Energy open innovation ecosystemsThe energy field is a comprehensive system that requires advanced science and technology and involves complex relationships among stakeholders. The current energy field demands high-cost, high-risk R&D (Mihić et al., 2018), convergence with digital technologies such as artificial intelligence, internet of things, blockchain, and digital twins (Onile et al., 2021; Raza & Khosravi, 2015; Wang & Su, 2020; Zeadally et al., 2020), and the reinforcement of global government regulations and policies (He et al., 2016; Tagliapietra et al., 2019) to solve critical challenges such as renewable energy integration, carbon capture, utilization, and storage (CCUS), hydrogen economy development, and nuclear waste management (De La Peña et al., 2022; Solomon & Krishna, 2011). These issues cannot be solved by a single entity in the energy ecosystem; rather, addressing them requires knowledge exchange and international collaboration between nations and organizations.
Scholars have empirically discussed the introduction of open innovation in the energy sector (Dall-Orsoletta et al., 2022; Song et al., 2020; Van Lancker et al., 2016). Data-driven quantitative studies have provided valuable insights into the national and organizational collaboration from a domain-specific perspective. For example, Guan and Liu (2016) constructed knowledge and collaboration networks through the co-occurrence of patent classification codes and invention organizations and investigated the impact of direct and indirect ties and network efficiency on exploitative and exploratory innovations in organizations. Aleixandre-Tudó et al. (2019) explored the production, funding, and collaboration in the field of renewable energy with bibliometric and social network analysis techniques based on information provided by an academic database and found that wind power research accounted for the largest proportion and that the triangle formed by the United States, China, and the European Union was the most important collaboration structure. de Paulo and Porto (2017) forecast future international collaborations based on the growth of partnerships and identified clusters for regional, national, and international collaborations using social network analysis in the field of solar energy.

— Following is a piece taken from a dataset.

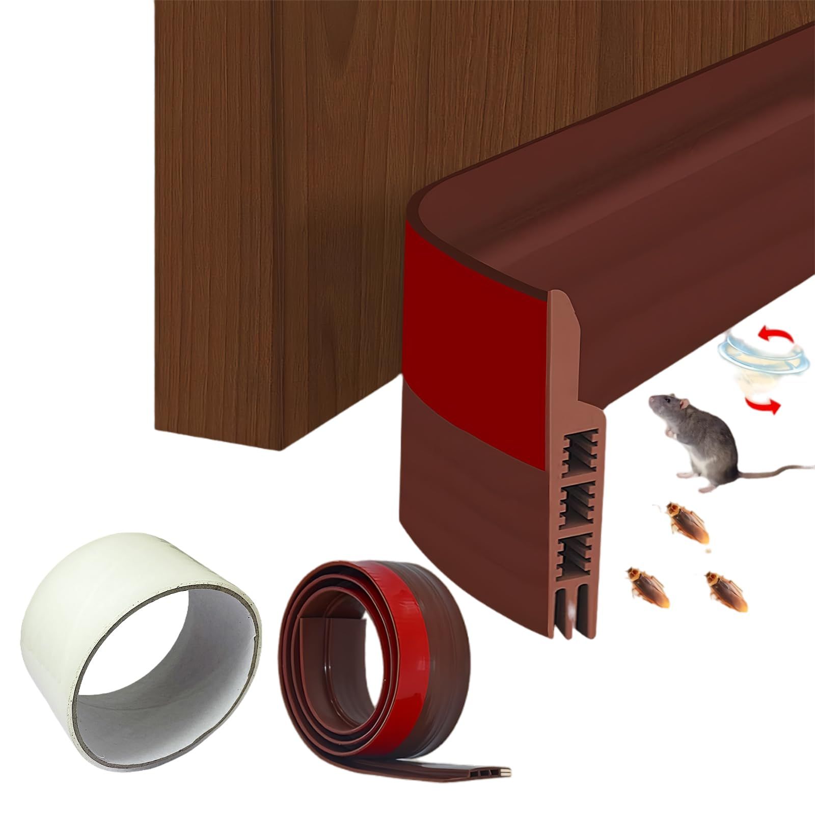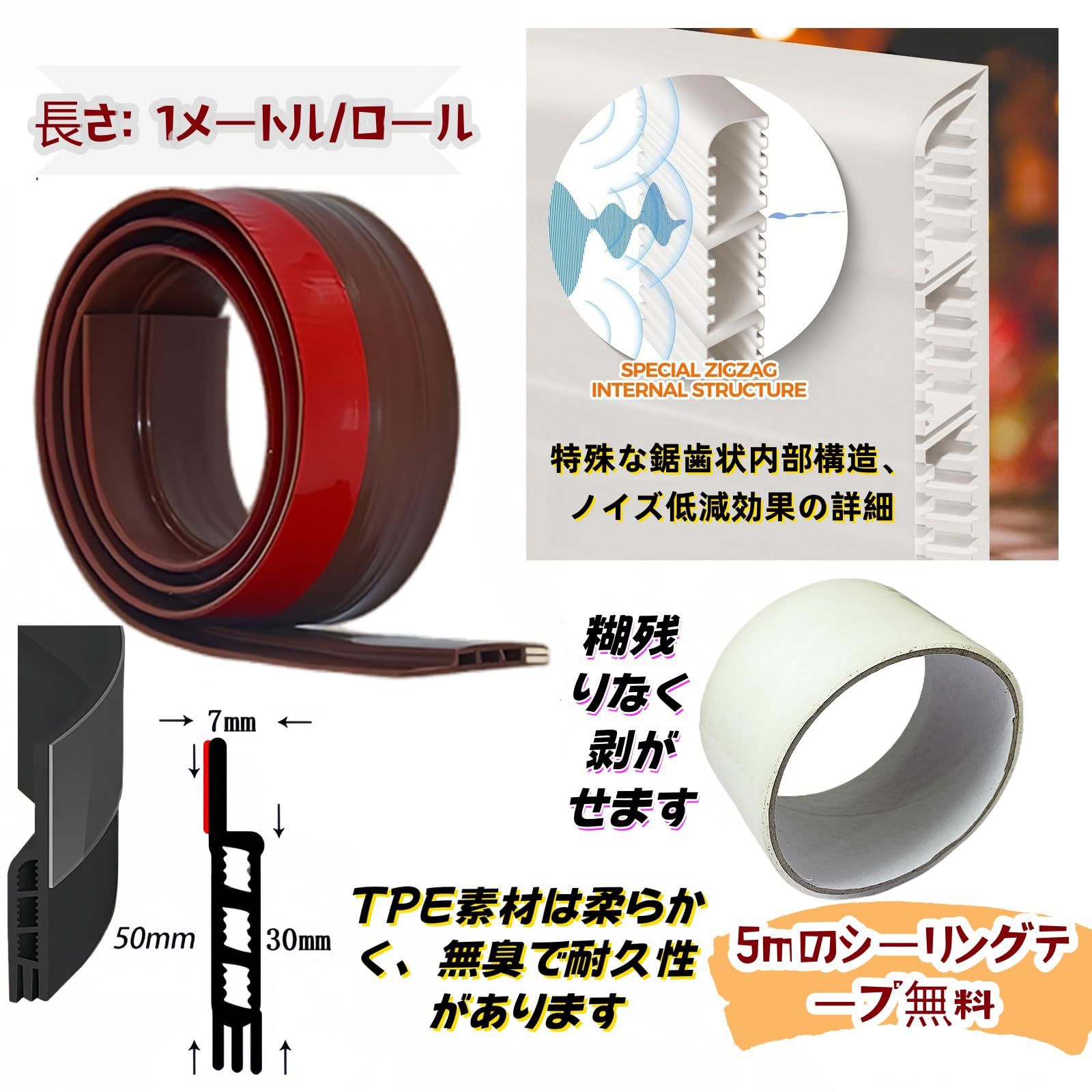 ドア下部シール 1m & 隙間テープ 5m , すきま風防止 省エネ 冷暖房効率アップ 気密 強力粘着 防音 防虫 防水 花粉対策 玄関 自動ドア 窓枠用 賃貸対応 剥がし無痕 (レッドブラウン ?棕)
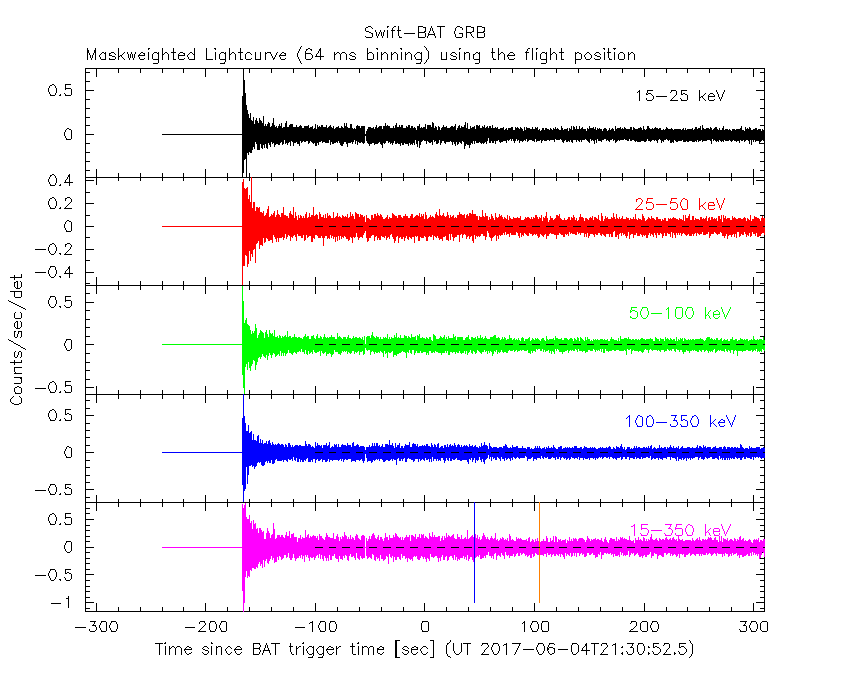 - 4) For all the mask-weighted lightcurves, the y-axis units are counts/sec/det where a det is 0.4 x 0.4 = 0.16 sq cm.

Liu et al. (2021) constructed a patent collaboration network for the wind energy industry in China and analyzed the network structure and major patentee types from the perspective of network evolution.
Nevertheless, effectively analyzing the landscape of open innovation ecosystems in the energy field remains challenging due to the following key issues:
- (1)
Considering that the energy field is comprehensive and that there are no standards or consensus on the definition and classification of its subfields, it is difficult to identify the sectors. Prior studies have used complex queries composed of expert-selected domain-specific terminologies or jargon for sector analysis; however, this human-centric approach is costly, time-consuming, and difficult to reproduce. To address this limitation, we developed an energy-specific topic-identification model. By introducing a PLM trained on an energy-related corpus, we identified energy research topics based on a contextual understanding of domain knowledge.
- (2)
Although the clear identification of organizations and their nationalities is important for open innovation analysis, the relevant data do not provide standard names or structured information. Recently, as the volume and diversity of participants (i.e., organizations and nations), subfields, and their relations in the energy ecosystem have increased, organization-level or nation-level analyses have become difficult. In this study, we analyzed the energy ecosystem from subfield, organizational, and national perspectives by systematically linking well-established academic and institutional identification databases.
- (3)
Organizations and experts face major challenges in navigating the vast open innovation ecosystems in the energy field, finding suitable collaboration partners, and planning effective R&D strategies to solve pressing energy issues through open innovation. To address this limitation, we adopted network-embedding techniques to recommend collaboration opportunities to organizations based on a heterogeneous network and triplet structures representing the energy open innovation ecosystem and collaborations, respectively.
Fig. 1 illustrates the proposed NEON approach, which comprises four key steps: (1) collection and preprocessing of energy research papers; (2) identification of research topics using energy-specific PLMs and density-based clustering; (3) construction of a large-scale network representing the global energy open innovation ecosystem; (4) exploration of collaboration opportunities through network-embedding techniques.
Data collection and preprocessingHigh-quality scientific research papers are acquired from various academic databases, such as WoS and Scopus, which provide structured data on peer-reviewed scientific articles (Fig. 1a). The collected information comprises textual information and metadata. Textual information includes the titles and abstracts of each article, while metadata includes publication year, journal, author, and affiliation information. In particular, the academic database provides well-established categories for academic journals, which facilitate the filtering of papers on a particular topic.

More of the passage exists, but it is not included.